Добавить в цитаты Настройки чтения

Страница 33 из 56

— Не твоя забота, — огрызнулся стрелец.

— Не иначе мешок с золотом там лежит, ха-ха!

— Не мешок, а важный преступник, — изрек стрелец. — Так-то!

Не обращая внимания на стрельца, Сила шагнул вперед и заглянул в окошко.

— Так то ж баба… Молодая.

— Разбойница. Душегубка известная.

— Да-а, — уважительно протянул Сила. — Из самой Москвы иду, всяко видел, но чтоб молодуха душегубкой была…

— Из Москвы? А не врешь?

— Людям нашего звания врать не пристало.

— Чего там в Москве? Не слыхал, государь жалованья нам увеличивать не собирался?

— Не слыхал. Знаю, что новую монету чеканить начинают. И указ будет, чтоб старую нигде, а особенно в кабаках, не принимать.

— Ух ты! А не врешь?

— Не вру. Вот такие монеты, — Сила вытащил из кармана завалявшуюся у него серебряную французскую монету.

— Ну-ка, покажь.

Озадаченный стрелец подошел к Беспалому, взял у него монету и с недоверием уставился на нее. Он хотел что-то спросить, но не успел — посох обрушился на его голову, в глазах сверкнул с десяток молний, а потом навалилась тьма. Второй удар посоха сбил засов. Дверь баньки распахнулась. Сила зашел внутрь.

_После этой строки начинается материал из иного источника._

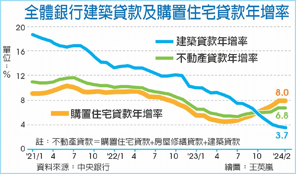 央行揭露2020年12月底祭出管制措施以來,有二成效,一是整體銀行建築貸款年增率持續走緩,自2021年1月的18.7%,2023年7月降至7.5%,而在2024年2月更已降至3.7%。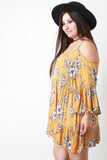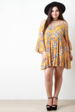 This plus size mini dress features a woven fabrication, floral print pattern, cold shoulder cut out, adjustable spaghetti straps, long bell sleeves, tiered ruffle design, with a crochet dot trim set in to the waist seam. Accessories sold separately. 100% Rayon.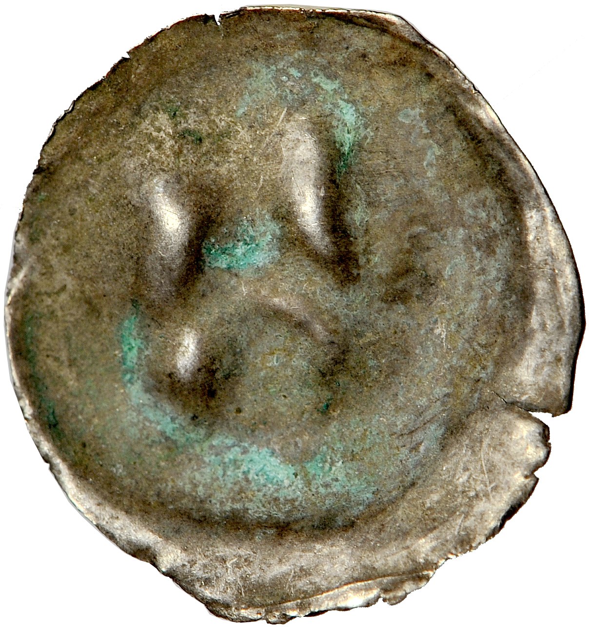 Polska, brakteat guziczkowy, 4. ćwierć XIII wieku.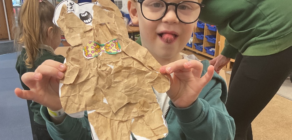The weather has given us a bit of an unsettled start to the term. We've gone from snow with later starts to the day and storms forcing us to close early. However in between we've managed to fit in lots of learning. Reception have been trying hard to improve their pencil control through drawing club and have created some lovely pictures linked to our class story 'The storm whale'. Our theme this half term is fairytales so we've started with 'Goldilocks and the three bears'. We've made collage bears and retold the story using props. Year 1 having been looking at different houses in DT and have designed and made a house for either a doll or an animal.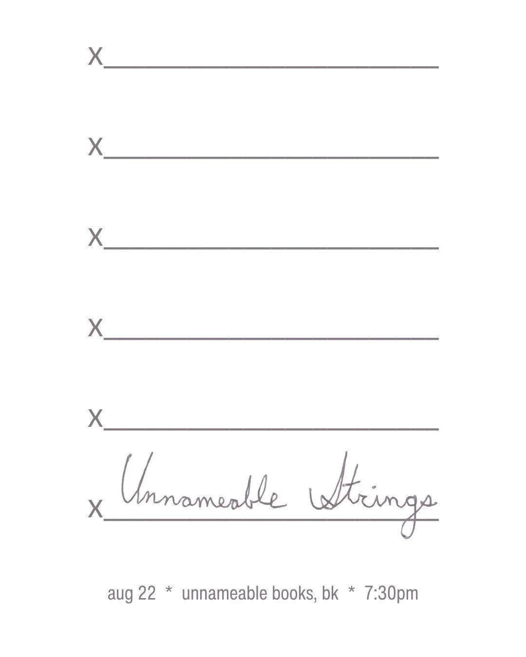 Aug. 23, 2025: A project co-organized and produced with Ana Luisa Diaz de Cossio at Unnameable Books (NYC), featuring an improvising string orchestra comprised of Liam Battle, Che Buford, Iva Casian-Lakos, Maggie Cox, Robert Feifan Hurley, David Macchione, and Elijah Spies.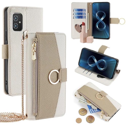 Funda para Asus Zenfone 8 Zs590Ks de Cuero con Textura Litchi Cruzada (Blanco)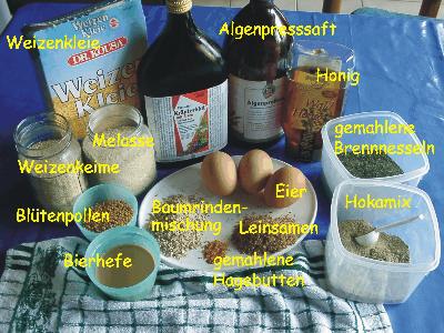 Weizenkleie, Blütenpollen, Baumrindenmischungen, Leinsamen, Brauerhefe,
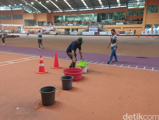 Beberapa panitia lainnya juga ikut membantu mengeringkan lintasan sepatu roda menggunakan kain pel. Terlihat juga air menetes di beberapa titik di dalam lintasan sepatu roda.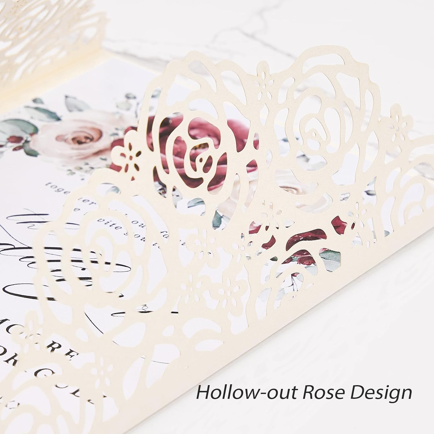 • Size: ivory laser cut invitations pocket 4.9''x7'', invitation paper 4.7''x6.9'', rsvp card 4.7''x3.4'', white envelopes 5.4''x7.7''. If you don't use our inner cards, kindly confirm the size before ordering!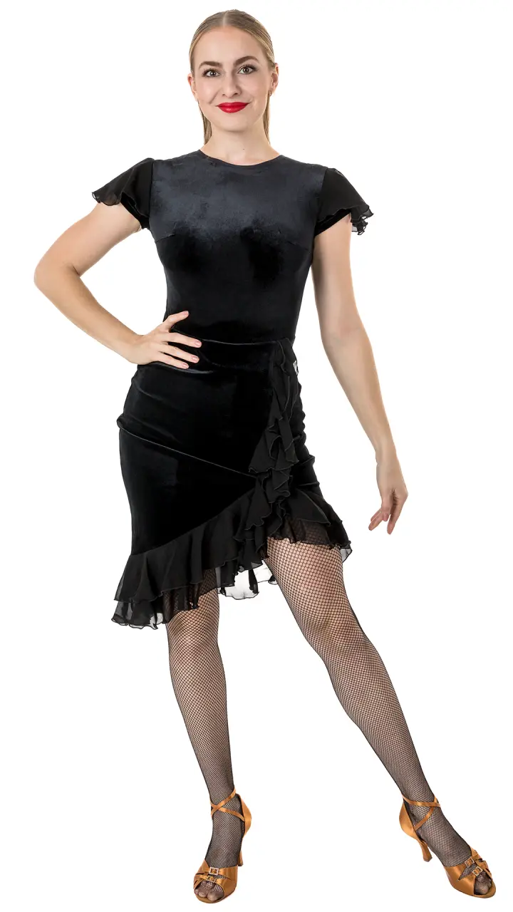 Das Kleid aus elastischem Samt wird durch leichten Chiffon an den Ärmeln sowie durch eine Applikation am Rock in Form eines Volants aufgefrischt. Es wirkt dezent. Dieses Modell hat eingenähte Höschen. Es wird über die Halsöffnung angezogen. Diese ist mit einem elastischen Band eingefasst. Das Kleid wird mit einem Schnellverschluss-Haken geschlossen. Material – elastischer Samt, Elasthan, Polyamid.

— Пошли, Варвара, — сказал он.

Ничего не понимающая девушка подняла глаза. Сила увидел, что она связана по рукам и ногам. Пришлось тратить бесценное время и резать ножом путы. Он уже почти закончил, и тут деревню огласил вопль:

— Держите инока!

Беспалый схватил Варвару за руку и вытащил из баньки. Он увидел, что Рыжий, уже очухавшийся (видать, голова у него крепкой оказалась), каким-то образом освободившийся, стоял на пороге терема, а к баньке бежали люди, подбирая штакетины и топоры.

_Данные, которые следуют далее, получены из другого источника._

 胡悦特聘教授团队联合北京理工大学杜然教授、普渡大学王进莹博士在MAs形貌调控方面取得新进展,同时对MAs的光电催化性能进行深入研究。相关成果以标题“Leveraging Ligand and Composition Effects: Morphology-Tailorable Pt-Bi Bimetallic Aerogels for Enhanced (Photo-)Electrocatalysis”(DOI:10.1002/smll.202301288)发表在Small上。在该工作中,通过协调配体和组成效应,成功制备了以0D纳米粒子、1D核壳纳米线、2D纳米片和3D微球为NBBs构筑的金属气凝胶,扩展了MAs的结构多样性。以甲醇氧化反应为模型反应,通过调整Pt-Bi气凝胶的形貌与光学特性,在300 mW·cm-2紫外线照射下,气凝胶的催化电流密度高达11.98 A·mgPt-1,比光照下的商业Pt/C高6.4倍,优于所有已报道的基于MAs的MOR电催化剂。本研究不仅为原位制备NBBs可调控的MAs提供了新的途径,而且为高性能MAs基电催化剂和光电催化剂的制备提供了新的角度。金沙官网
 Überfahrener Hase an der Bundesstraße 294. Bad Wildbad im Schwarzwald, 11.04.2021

Одного деревенского Сила сбил ударом ногой в живот, второго наградил по хребту посохом. Тут подоспели двое стрельцов, и беглецы оказались прижатыми к забору. А на подходе было еще несколько служивых.

— Все, Варвара, вот и конец веревочке нашей… — прохрипел Беспалый.

Сжав посох, Сила приготовился к последнему своему смертному бою.

Тем временем Гришка, которому удалось незаметно подобраться к кухоньке на окраине сельца и поджечь ее, решил помочь Беспалому, ввязавшемуся в драку со стрельцами.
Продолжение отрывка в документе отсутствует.